Les échanges d’informations tous azimuts, apaisés par rapport à ce qu’ils furent précédemment, sont néanmoins mal maîtrisés par les politiques. Et, en cette matière, la France ne fait pas exception comme l’a «prouvé» à son corps défendant l’ancien ministre Jean-Louis Borloo. Drapé dans sa dignité de grand prêtre de l’écologie gouvernementale, il affectait de ne pas aimer les transports aériens, jugés responsables de tous les maux environnementaux, ou presque. Une attitude simpliste.

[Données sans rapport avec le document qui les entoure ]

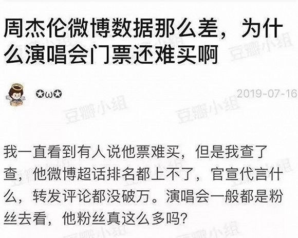 7月17日当天,有网友在豆瓣发帖质疑:“周杰伦微博数据那么差,为什么演唱会门票还难买啊?”但周杰伦的微博数据难看,真的就能代表周杰伦的商业价值低、影响力不足吗?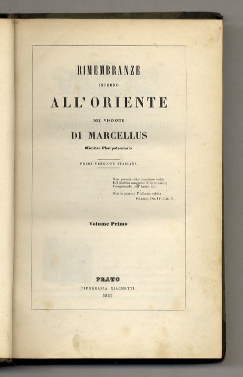 Rimembranze intorno all'Oriente del Visconte di Marcellus, Ministro Plenipotenziario. Prima versione italiana. Volume I (-II). (Il volume 1°, in cui è dato anche sunto del Corano, contiene le "Nozioni preliminari intorno allo stato politico, morale e sociale della Turchia. Capitolo estratto dal Viaggio in Siria ed in Egitto del conte F.C. Volney nella versione italiana di Leonardo Rossi, con note di F.C. Marmocchi").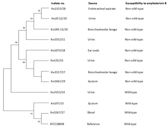 The phylogenetic relationship among C. kefyr isolates non-WT for AMB and three randomly selected WT isolates was determined by comparing concatenated sequence data of ERG2, ERG3 and ERG6 genes together with the ITS region of rDNA. The DNA sequence data from C. kefyr ATCC28838 were used as a reference. Multiple sequence alignments were performed with Clustalw muscle (https://www.ebi.ac.uk/Tools/msa/muscle/, accessed on 5 May 2025) and phylogenetic analysis was performed with Molecular Evolutionary Genetic Analysis (MEGA) version 6 software using the maximum likelihood method and bootstrap analysis with 1000 replicates, as described previously [24].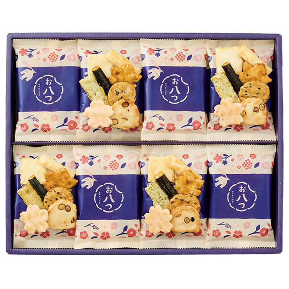 国産米を100%使用したあられ・煎餅の詰合せ。1袋8種類の味が楽しめます。

Une telle attitude conduit toujours à la même conclusion, à savoir que les pollueurs doivent être les payeurs. On l’a constaté, on le constatera encore, alors qu’aucune taxe, quelle que soit son appellation, n’a jamais tué dans l’œuf le moindre décibel ou le plus petit nuage de CO2. Lors de l’instauration de la «taxe Chirac» (oui, elle existe toujours), on avait d’ailleurs assisté à un magnifique discours de sourds, parfaitement inutile.
Ce n’est pas l’instauration de nouvelles taxes qui conduira CFM International, Pratt & Whitney et Rolls-Royce à accélérer la mise au point de propulseur de nouvelle génération. Leurs ingénieurs y travaillent de toute manière avec acharnement, tout comme, notamment, les aérodynamiciens. De l’Onera à la NASA, tous regardent dans la même direction.
Dans la vraie vie, la réalité est nettement plus nuancée. En témoigne, dernier exemple en date, au demeurant pas bien méchant, le cas de Toulouse-Blagnac. Un aéroport régional important qui, comme d’autres, souffre d’être situé trop près du centre ville et provoque des nuisances qui sont dénoncées plus fermement que dans le passé. C’est, d’une certaine manière, un cas exemplaire, sachant que l’hypothèse de l’instauration d’un couvre-feu doit raisonnablement être écartée.